Report incorrect documentation
Location of incorrect documentation

  • CuPy docs page: cupyx.signal.freq_shift — the Parameters section lists domain : string (freq or time), while the auto-generated signature at the top is cupyx.signal.freq_shift(x, freq, fs) (no domain). CuPy
  • Feature addition noted in the v13.1.0 release notes (“Add cupyx.signal.freq_shift ( Add cupyx.signal.freq_shift #8128 / [backport] Add cupyx.signal.freq_shift #8131)”), but no mention of a domain argument.

Describe the problems or issues found in the documentation

  • Mismatched API. The Parameters table documents a domain argument (freq or time), but the actual callable signature exposed in the docs omits it and accepts only (x, freq, fs). This discrepancy suggests either the parameter was planned but never implemented, or the docs were copied from a different design and not updated. Users attempting to pass domain= will get a TypeError: got an unexpected keyword argument 'domain'. The mismatch is visible directly on the doc page (signature vs. parameters list).
  • Ambiguity around input/return dtypes. The page describes x as “array_like, complex valued,” but does not clarify whether real-valued inputs are permitted and, if so, what the output dtype will be (e.g., whether it suppport promoting to complex64/complex128, or preserving dtype). The current page lacks a precise dtype contract and promotion rules.

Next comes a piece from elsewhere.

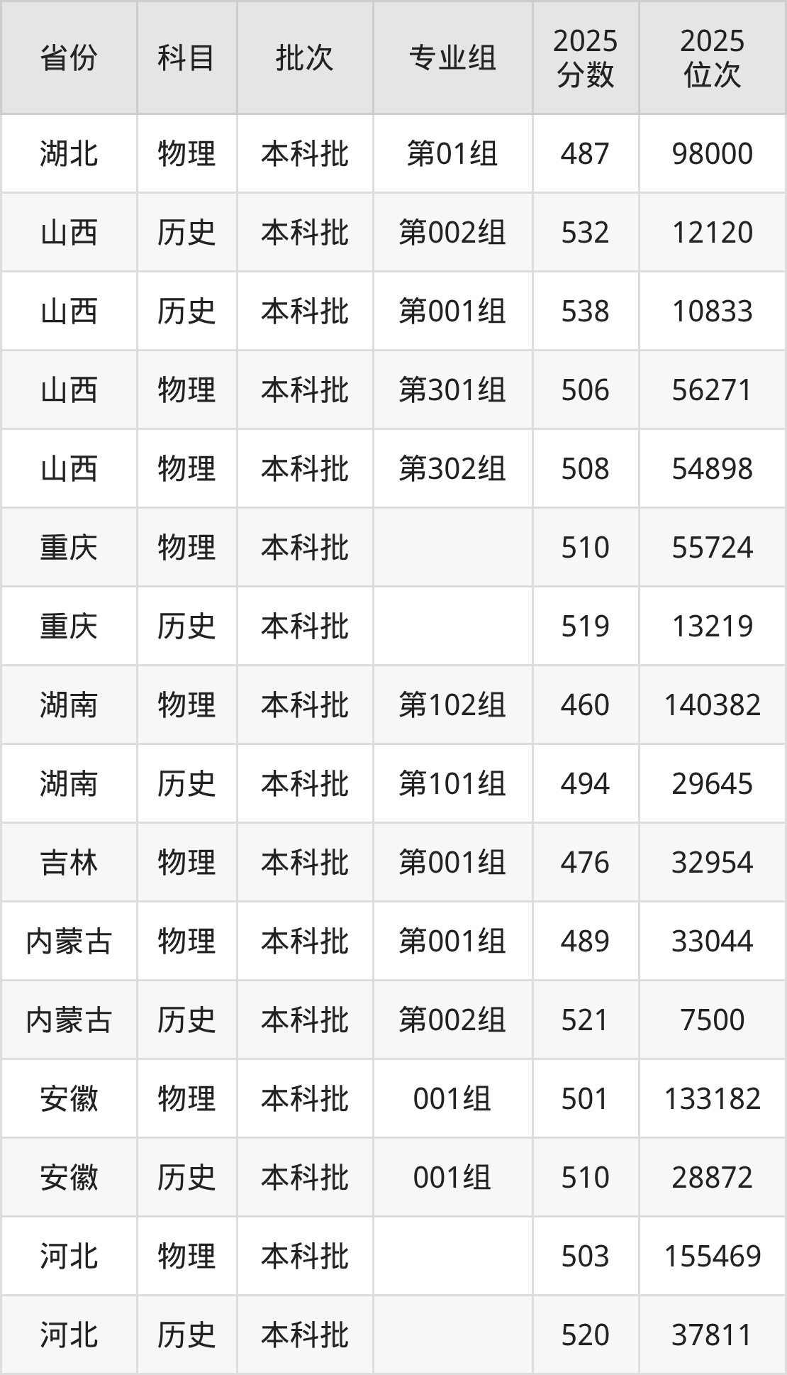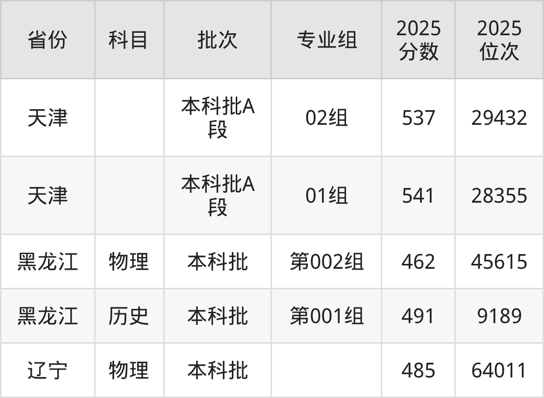 2025年在本科物理类进行招生,各专业组分数线详情如下:

Steps taken to verify documentation is incorrect

  1. Read the cupyx.signal.freq_shift documentation and observed the inconsistency between the signature and the parameters section.
  2. Reviewed the CuPy release notes around the addition of freq_shift and found no reference to a domain parameter.
  3. Compared with SciPy’s signal API surface to confirm there is no equivalent function and that users will rely on CuPy’s docs exclusively. SciPy

Suggested fix for documentation

  • Remove or reconcile the domain parameter on the cupyx.signal.freq_shift page. If the function is time-domain–only, explicitly state that and drop the domain row. If a domain switch is intended, update the signature to accept domain and document its behavior precisely (including defaults and error handling).
  • Clarify dtype semantics.
  • Whether x may be real-valued (float32/float64) and what the output dtype is (e.g., promote to complex with the matching precision).
  • Whether support complex precisions (complex64, complex128) and broadcast rules for scalar freq/fs.

A minimal example

import cupy as cp
from cupyx.signal import freq_shift

fs = 1000.0
t = cp.arange(0, 1.0, 1/fs)
f0 = 50.0
x1 = cp.exp(2j * cp.pi * f0 * t)
# y1 = freq_shift(x1, freq=100.0, fs=fs) # TypeError: Type is mismatched. x <class 'numpy.complex128'> <class 'numpy.float64'>

x2 = 0.1
y2 = freq_shift(cp.asnumpy(x2), freq=100.0, fs=fs) # passed, (0.1-0j)

Environment details:

  • Environment location: Bare-metal
  • Linux Distro/Architecture: [Ubuntu 20.04 x86_64]
  • GPU Model/Driver: [A800, driver 525.147.05]
  • CUDA: [12.9, V12.9.86]
  • Python: [3.12.11]
  • cuML version where it reproduces: 25.08
  • Method of cuDF & cuML install: conda
    • Due to the such long result, I prefer to paste the command line I used to create the virtual environment.
      conda create -n rapids-25.08 -c rapidsai -c conda-forge -c nvidia
      rapids=25.08 python=3.12 'cuda-version>=12.0,<=12.9'

Detailed Traceback

/data1/anaconda3/envs/rapids-25.08/lib/python3.12/site-packages/cupyx/jit/_interface.py:173: FutureWarning: cupyx.jit.rawkernel is experimental. The interface can change in the future. cupy._util.experimental('cupyx.jit.rawkernel') Traceback (most recent call last): File "/data1/cuml_testing/test.py", line 9, in y_up = freq_shift(x, freq=100.0, fs=fs) ^^^^^^^^^^^^^^^^^^^^^^^^^^^^^^^^ File "/data1/anaconda3/envs/rapids-25.08/lib/python3.12/site-packages/cupyx/signal/_filtering/_filtering.py", line 279, in freq_shift return _freq_shift_kernel(x, c) ^^^^^^^^^^^^^^^^^^^^^^^^ File "cupy/_core/_kernel.pyx", line 888, in cupy._core._kernel.ElementwiseKernel.__call__ File "cupy/_core/_kernel.pyx", line 931, in cupy._core._kernel.ElementwiseKernel._decide_params_type File "cupy/_core/_kernel.pyx", line 576, in cupy._core._kernel._decide_params_type_core TypeError: Type is mismatched. x

Idea or request for content

Report needed documentation
Because freq_shift is CuPy-specific (no SciPy analog), users lack a canonical reference for expected behavior, dtypes, and edge cases. The current page does not fully specify semantics (e.g., sign convention, output dtype for real inputs, handling of non-uniform sampling, or multi-dimensional inputs).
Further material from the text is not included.